Records for the exercise:
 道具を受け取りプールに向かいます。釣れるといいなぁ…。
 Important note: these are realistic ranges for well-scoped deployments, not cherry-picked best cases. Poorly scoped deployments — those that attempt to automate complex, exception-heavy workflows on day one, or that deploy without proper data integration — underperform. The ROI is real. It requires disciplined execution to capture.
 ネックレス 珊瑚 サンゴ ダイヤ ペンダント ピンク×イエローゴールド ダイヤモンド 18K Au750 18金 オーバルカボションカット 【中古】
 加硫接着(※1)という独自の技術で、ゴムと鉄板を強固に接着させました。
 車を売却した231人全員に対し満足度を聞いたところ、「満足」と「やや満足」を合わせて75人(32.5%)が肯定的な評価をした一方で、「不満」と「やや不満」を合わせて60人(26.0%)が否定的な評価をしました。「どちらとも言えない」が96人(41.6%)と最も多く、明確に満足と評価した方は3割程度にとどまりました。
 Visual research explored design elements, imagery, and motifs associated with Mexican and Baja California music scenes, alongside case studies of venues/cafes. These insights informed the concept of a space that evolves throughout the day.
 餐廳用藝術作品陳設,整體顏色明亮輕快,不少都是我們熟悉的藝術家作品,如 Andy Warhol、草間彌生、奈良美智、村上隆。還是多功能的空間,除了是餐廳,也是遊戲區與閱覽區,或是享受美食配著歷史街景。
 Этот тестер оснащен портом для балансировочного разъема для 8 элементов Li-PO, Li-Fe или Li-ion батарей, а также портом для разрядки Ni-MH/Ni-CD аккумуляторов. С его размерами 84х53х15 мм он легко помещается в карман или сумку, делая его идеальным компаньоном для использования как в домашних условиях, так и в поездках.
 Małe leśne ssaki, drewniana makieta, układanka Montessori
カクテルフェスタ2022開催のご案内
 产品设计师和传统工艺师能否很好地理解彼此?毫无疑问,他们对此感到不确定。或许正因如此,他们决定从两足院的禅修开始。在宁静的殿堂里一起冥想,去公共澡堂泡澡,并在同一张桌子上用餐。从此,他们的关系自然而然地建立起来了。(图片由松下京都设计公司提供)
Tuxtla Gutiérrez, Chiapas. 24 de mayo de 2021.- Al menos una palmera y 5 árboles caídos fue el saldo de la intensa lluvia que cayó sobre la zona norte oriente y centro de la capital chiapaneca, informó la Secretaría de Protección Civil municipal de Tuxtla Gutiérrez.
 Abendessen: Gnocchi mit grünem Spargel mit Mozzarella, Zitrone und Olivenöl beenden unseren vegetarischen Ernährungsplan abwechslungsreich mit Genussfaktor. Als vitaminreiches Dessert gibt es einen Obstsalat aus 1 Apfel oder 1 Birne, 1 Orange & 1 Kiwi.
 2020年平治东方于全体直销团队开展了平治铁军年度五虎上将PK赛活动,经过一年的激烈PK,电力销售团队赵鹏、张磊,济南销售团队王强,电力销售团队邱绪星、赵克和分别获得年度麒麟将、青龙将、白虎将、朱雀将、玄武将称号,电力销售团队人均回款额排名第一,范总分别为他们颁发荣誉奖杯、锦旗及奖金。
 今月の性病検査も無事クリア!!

What you need to do: All lines with the word "that" must be located in the data and copied.

Worked solution:
 Important note: these are realistic ranges for well-scoped deployments, not cherry-picked best cases. Poorly scoped deployments — those that attempt to automate complex, exception-heavy workflows on day one, or that deploy without proper data integration — underperform. The ROI is real. It requires disciplined execution to capture.
 Visual research explored design elements, imagery, and motifs associated with Mexican and Baja California music scenes, alongside case studies of venues/cafes. These insights informed the concept of a space that evolves throughout the day.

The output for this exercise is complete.